Efforts Continue to Legalize Work, Other Pathways for Undocumented Students, Asylum Seekers
Tuesday, December 5, 2023

Undocumented students are waiting for University of California (UC) leadership to issue a plan that would remove hiring restrictions for all UC students, regardless of immigration status.

The proposed plan, titled Opportunity For All (O4All), is supported by language in the 1986 Immigration Reform and Control Act (IRCA) that the prohibition of employment of undocumented workers does not apply to states. As such, O4All advocates believe that IRCA’s employment restrictions do not apply to the state university system. For students who have been denied scholarships or fellowships requiring on-campus employment, teaching assistant positions and other on-campus employment due to their immigration status, the UC plan could allow them to participate in such opportunities.

Legal scholars have noted that U.S. Supreme Court precedent supports UC’s argument that Congress has no power to regulate state governments in some areas, such as employment, unless there is clear language in the statute. IRCA has previously been interpreted to preclude states from employing undocumented workers, but UC’s O4All may challenge this interpretation. The O4All proposal has gained support from Deferred Action for Childhood Arrivals (DACA) recipient students. The DACA program continues to be challenged in the courts.

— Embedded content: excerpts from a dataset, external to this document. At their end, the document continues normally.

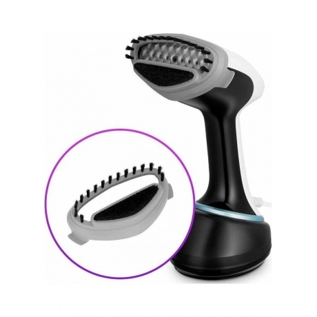 отпариватель, резервуар для воды с заглушкой, ворсовая насадка, мерный стакан, руководство по эксплуатации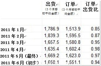 國際半導體(ti) 設備與(yu) 材料協會(hui) (SEMI)於(yu) 7月19日公布的六月份訂單出貨比報告顯示,2011年6月份北美半導體(ti) 設備製造商接獲訂單的3個(ge) 月平均金額為(wei) 15.5億(yi) 美元,訂單出貨比為(wei) 0.94。0.94意味著當月設備出貨總金額與(yu) 當月新增訂單總金額的比值為(wei) 100:94。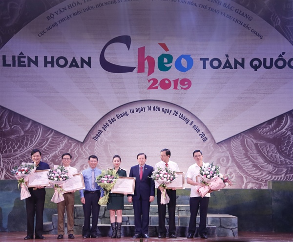 | Liên hoan phản ánh đúng thực trạng của nghệ thuật chèo Liên hoan Chèo toàn quốc 2019 diễn ra tại Thành phố Bắc Giang, tỉnh Bắc Giang từ ngày 14 đến ngày 28.9 đã kết thúc thành công tốt đẹp. Trải qua 14 ngày, chúng ta được thưởng thức 26 vở diễn với sự tìm tòi, sáng tạo, đua tài hào hứng, sôi nổi, lòng say mê nghề nghiệp, ý thức trách nhiệm cao, tạo nên sức truyền cảm và ấn tượng sâu sắc, những giá trị thẩm mỹ đến với người xem. (Thứ trưởng Bộ VHTTDL TẠ QUANG ĐÔNG) |

In the meantime, New York Governor Kathy Hochul proposed issuing state work permits to asylum seekers. Asylum seekers could then be hired by the state, which could then subcontract such employees to other employers. Governor Hochul indicated that the proposal was intended to help alleviate New York’s migrant and workforce crises. Ultimately, however, Governor Hochul said she was constrained by federal law from enacting the plan because she could not “indemnify or protect the employers from any kind of federal prosecution for violating immigration laws.”

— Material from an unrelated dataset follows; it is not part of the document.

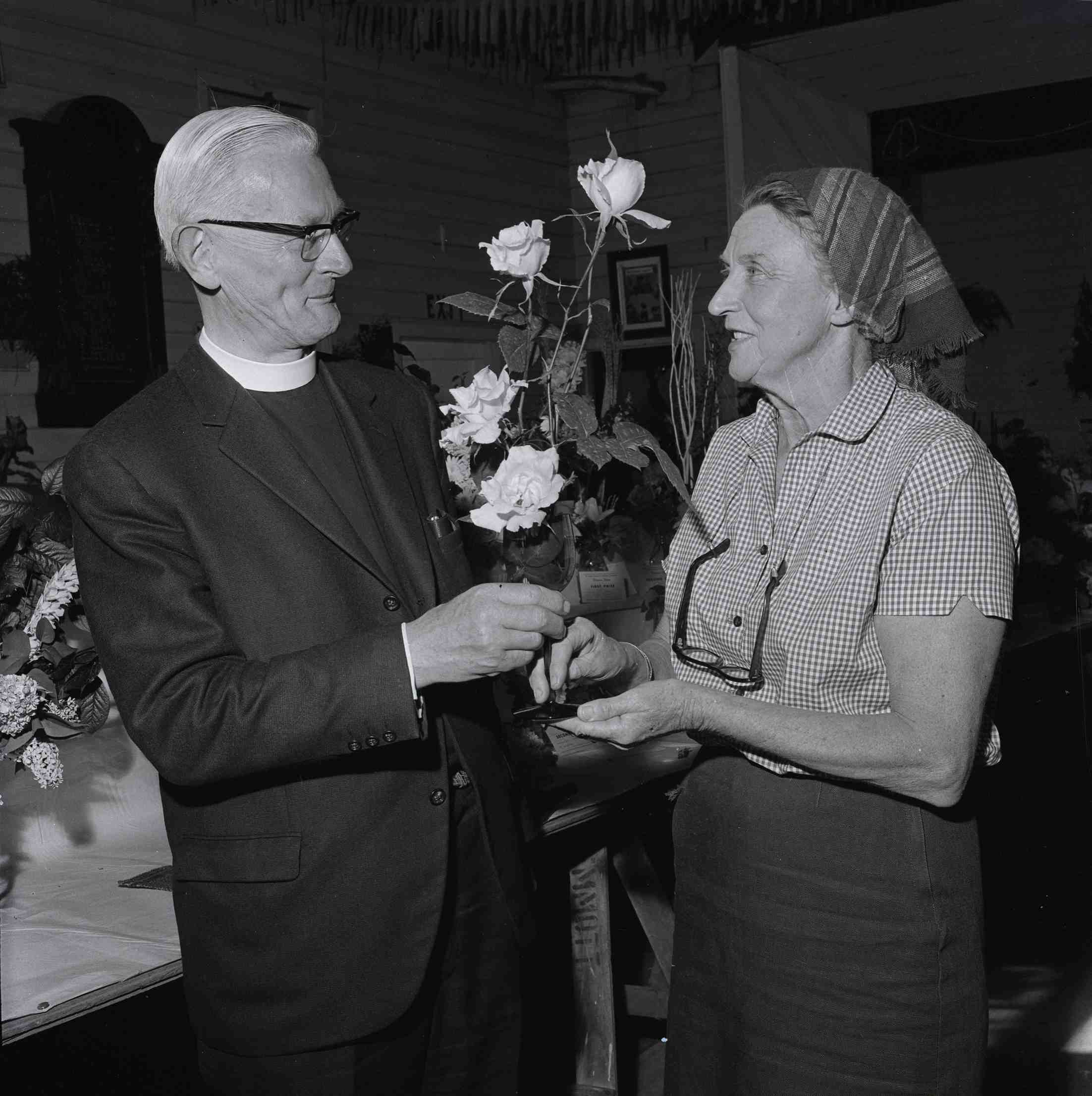 A clergyman and a fwoman inspecting an arrangement of roses.

Under the asylum system, many asylum seekers must wait for 150 days before they are eligible to apply for work authorization through the federal immigration system. Given U.S. Citizenship and Immigration Services (USCIS) long processing times, applicants often wait for over a year before they obtain work authorization documentation.

Proposals similar to UC’s and Governor Hochul’s proposals have been criticized by some immigrants, who have noted that such plans would provide work authorization to some immigrants faster than others, who have been waiting for work authorization much longer – due to long USCIS processing times or regulatory restrictions.